Transforming Data with dbt
The trigger_dbt_flow()
task triggers a dbt (Data Build Tool) operation. It uses the prefect_dbt
library to interact with dbt. Within the task, the DbtCliProfile
and DbtCoreOperation
classes are utilized to define and execute dbt commands, such as debug, dependencies installation, seeding, and building.
Visualization and Reporting with Looker Data Studio
To visualize and report on our transformed data, we integrate Looker Data Studio into our pipeline. With Looker, we can explore and analyze our data, create interactive visualizations, and share insights with stakeholders.

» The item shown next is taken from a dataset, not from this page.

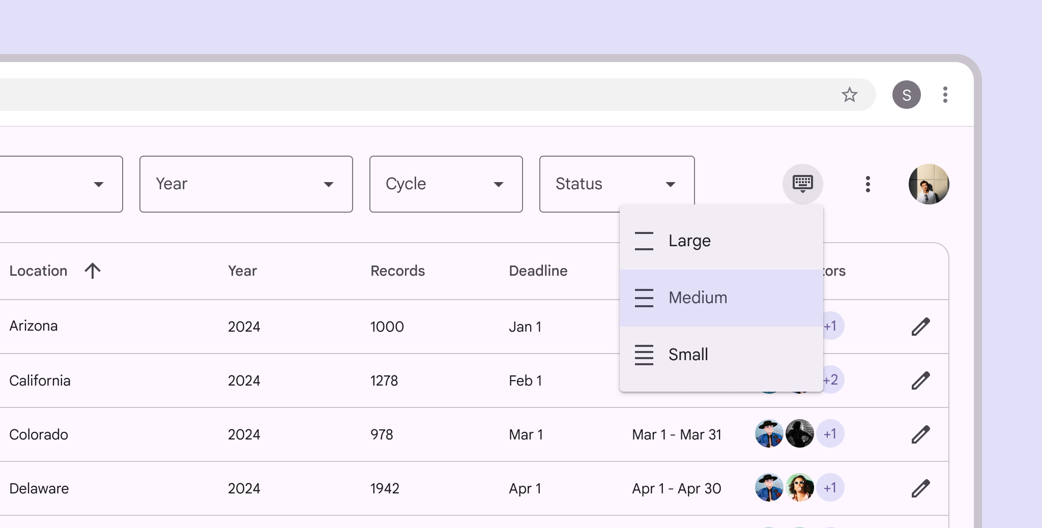 桌面端可能偏好高密度,移動端則相反。除非使用者主動更改,密度不應隨視窗或裝置方向自動變化。

Its integration with Google BigQuery ensures real-time access to the latest data, enabling timely decision-making.
- Setup your Google Cloud environment
2. Install all required dependencies into your environment
pip install -r requirements.txt
3. Install Terraform
4. Run these commands
cd terraform/
terraform init
terraform plan -var="project=<your-gcp-project-id>"
terraform apply -var="project=<your-gcp-project-id>"she
5. Run the pipeline
python prefect/web_to_gcs.py
In this blog post, I explored the end-to-end process of building a data engineering pipeline. We leveraged Python for data ingestion, dbt for data transformation, Terraform for infrastructure management, Google Cloud Storage and Google BigQuery for data storage and warehousing, and Looker Data Studio for visualization and reporting. By integrating these powerful tools, we were able to extract, transform, store, and analyze Formula 1 racing data efficiently and effectively.
Embarking on this project allowed me to gain hands-on experience with cutting-edge data engineering technologies and showcase the power of cloud-based data solutions. I hope that this blog post inspires you to explore these tools and techniques further and empowers you to build your own data engineering pipelines.